Quick post!
Just got home for winter break and felt like posting something not too intensive
i.e. I’m too lazy to write a full blog post but I still wanted to share this recipe.



Enjoy these addictive little cookies!
CHOCOLATE ESPRESSO SHORTBREAD
Makes 24-30 cookies
Ingredients
240g all purpose flour
3g espresso/instant coffee powder
15g dutch processed cocoa powder
1 tsp salt
170g unsalted butter, softened
130g powdered sugar, sifted
1 tsp vanilla extract
2 large egg yolks, room temperature
75g 72% dark chocolate, chopped finely
Directions
- Sift together 240g flour, 3g espresso powder, 15g cocoa, and 1 tsp salt in a bowl. Set aside.

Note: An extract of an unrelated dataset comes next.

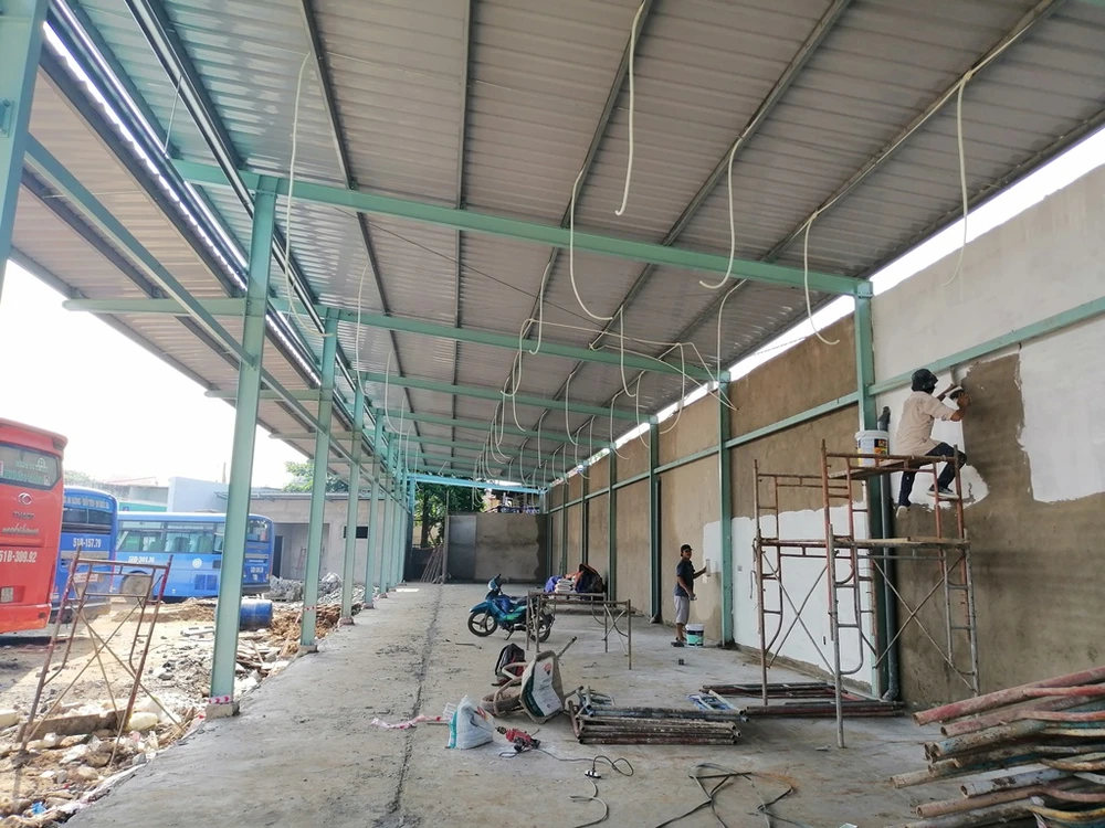 Tại bến xe có hàng chục công nhân tiến hành cải tạo không gian trong bến như nơi xe buýt đưa đón khách vào bến; khu vực bán vé và nơi khách đợi; khu vực đón khách; khu vực trả khách. Đa số những không gian trên đã xong phần sườn.

- In a separate bowl, cream together 170g unsalted butter with 130g powdered sugar until light and fluffy.
- Add 1 tsp vanilla extract and 2 large egg yolks. Whip together until well incorporated.
- Add the flour mixture in two additions, folding between each addition. Fold until just combined – it’s okay if there’s still some flour visible.
- Add the chopped chocolate and fold until just combined.
- Divide the dough in half. Place half of the dough on a sheet of plastic wrap that’s about 12 in (30 cm) long. Roll the dough into a log, about 1.25-1.5 in. (3-4 cm) in diameter. Wrap the log up in plastic wrap, then twist the open ends of the plastic and tuck under (like wrapping candy). Repeat with the other half of the dough.
- Chill for 2 hours or overnight.
To bake:
- Preheat oven to 350F
- Slice the log into 0.25 in (0.75 cm) slices and lie them on a parchment lined baking sheet, leaving about 1-2 inches in between each cookie (I fit 12 to a tray).
- Bake for 15 minutes, or until lightly brown.
- Allow the shortbread to cool down slightly before enjoying.
Notes:
-I use Guittard dutch processed cocoa, Nielsen-Massey Madagascar vanilla, and good quality, grass fed butter. Since shortbread is so simplistic, it’s best to use quality ingredients to make the best final product.
-Shortbread cookies are supposed to be light, buttery, and crumbly, so be sure not to over-mix the dough! That will encourage the development of gluten (flour & kneading) – we don’t want a tough cookie.